King Institute of Preventive Medicine and Research
- Established: 7 November 1899
- Type: Research Institute
- Location: Chennai, Tamil Nadu;
- Director: K. Kaveri
- Website: www.kipmr.org.in

= King Institute of Preventive Medicine and Research =

King Institute of Preventive Medicine and Research is a medicine research institute located in Guindy, Chennai, India. It was established on 7 November 1899 with the aim of protecting against scourging infections and was named after Lt. Col. W. G. King, the then Sanitary Commissioner of the Madras Presidency.

The institute is located on the banks of Adyar River. The main red building that houses the Director's office has been identified as a heritage structure and has been brought under Indian Archaeological Society. The institute functions under Director of Medical Education and Department of Health and Family Welfare (Tamil Nadu).
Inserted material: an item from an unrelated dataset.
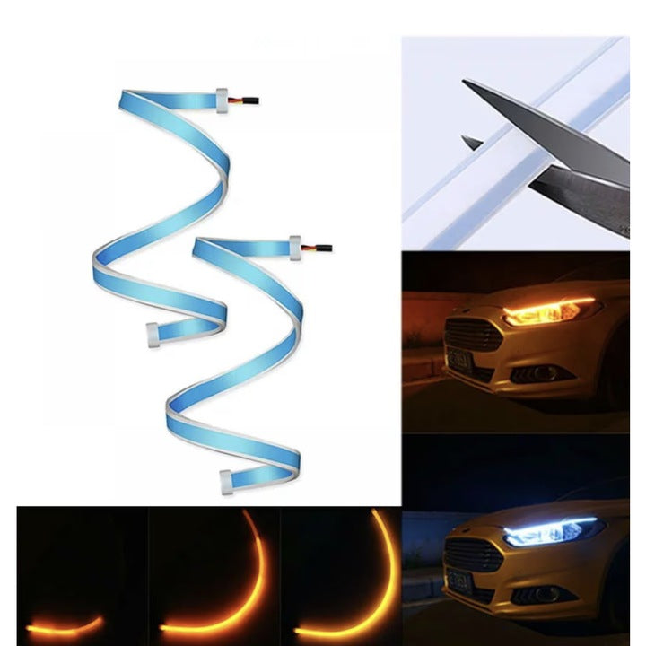 Set 2 Lumini DRL cu Semnalizare Dinamica Secvențială, Alb/Galben, 30 cm – LED Flexibile, IP65

It was one of the major institutions in India responsible for eradicating small pox by the production of vaccine. It is also one of the referral centers for bacterial and viral diseases in Tamil Nadu. Various wings at the institute include International Vaccination Centre, Board of Paramedical Education, and school of laboratory technology. Activities at the institute include quality control of schedule C and C1 drugs, manufacturing of anti–snake venom serum, diagnostic reagents (antigens and antisera), maintenance and supply of bacterial cultures, small animals, bacterial and virological diagnosis, and food sample testing.

The International vaccination centre in King Institute of Preventive Medicine and Research is one of the World Health Organization authorized centres for issuing yellow fever vaccination and certificate.